## AVAILABLE DATA

------------------------------------

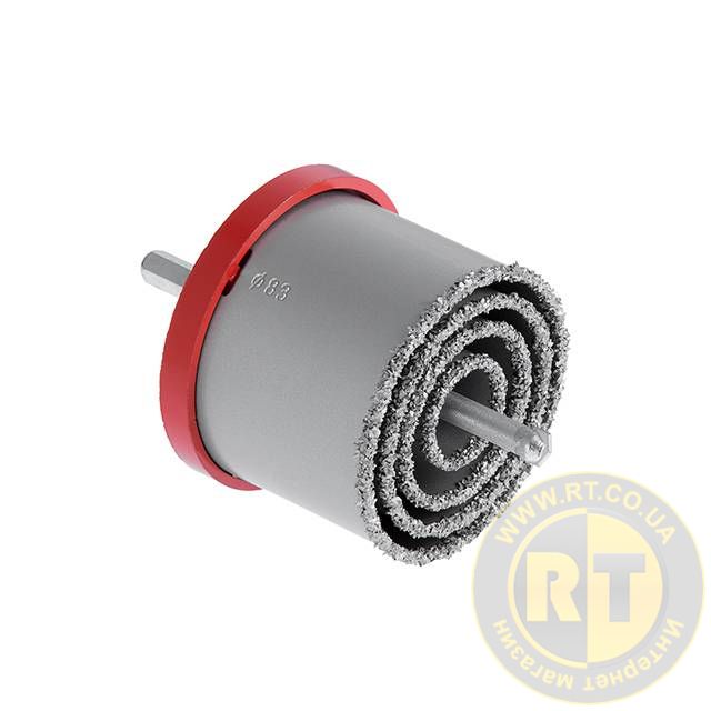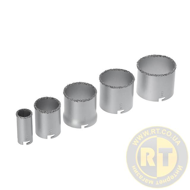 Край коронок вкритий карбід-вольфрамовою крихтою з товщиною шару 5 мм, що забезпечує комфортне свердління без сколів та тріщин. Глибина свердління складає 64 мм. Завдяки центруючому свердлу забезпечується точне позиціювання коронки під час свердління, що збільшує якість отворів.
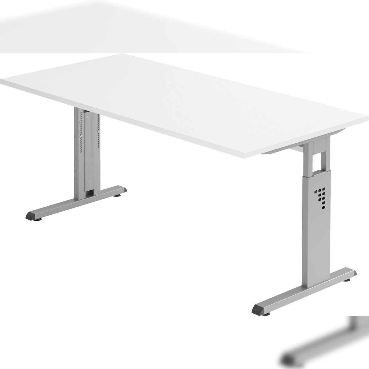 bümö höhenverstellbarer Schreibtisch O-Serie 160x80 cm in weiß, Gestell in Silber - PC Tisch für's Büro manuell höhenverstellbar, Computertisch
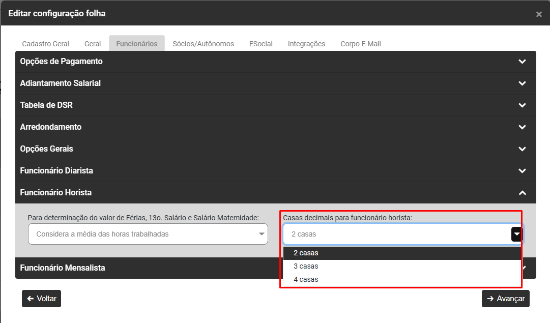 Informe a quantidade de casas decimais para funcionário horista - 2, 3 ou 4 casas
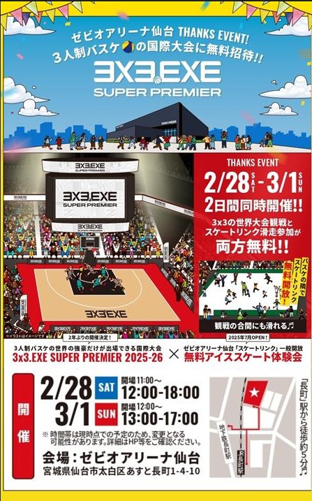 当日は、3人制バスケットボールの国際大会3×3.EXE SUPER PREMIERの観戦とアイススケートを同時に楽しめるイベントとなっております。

------------------------------------

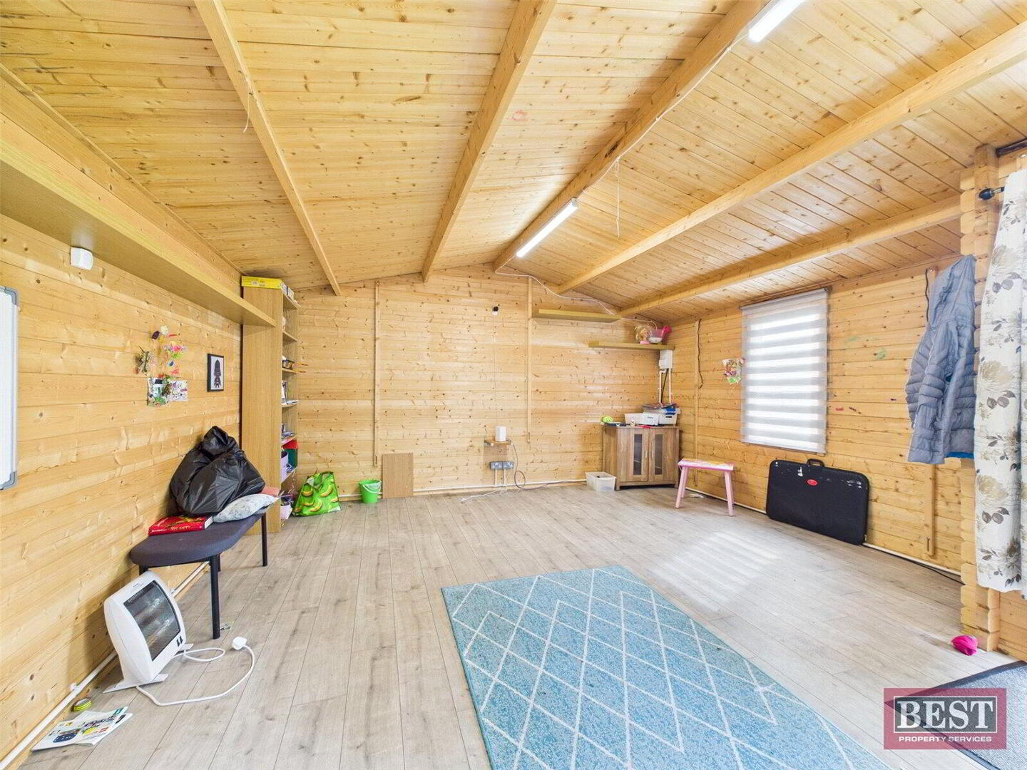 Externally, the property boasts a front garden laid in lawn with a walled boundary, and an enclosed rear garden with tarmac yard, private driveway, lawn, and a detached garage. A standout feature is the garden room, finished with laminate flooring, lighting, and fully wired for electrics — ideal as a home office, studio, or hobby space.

------------------------------------

## WORK ITEM
Please copy the lines above exactly, starting at the line that holds "bümö höhenverstellbarer Schreibtisch" and ending at the line that holds "Informe a quantidade"; include both, but no pictures.

## REPLY TO THE TASK
 bümö höhenverstellbarer Schreibtisch O-Serie 160x80 cm in weiß, Gestell in Silber - PC Tisch für's Büro manuell höhenverstellbar, Computertisch
 Informe a quantidade de casas decimais para funcionário horista - 2, 3 ou 4 casas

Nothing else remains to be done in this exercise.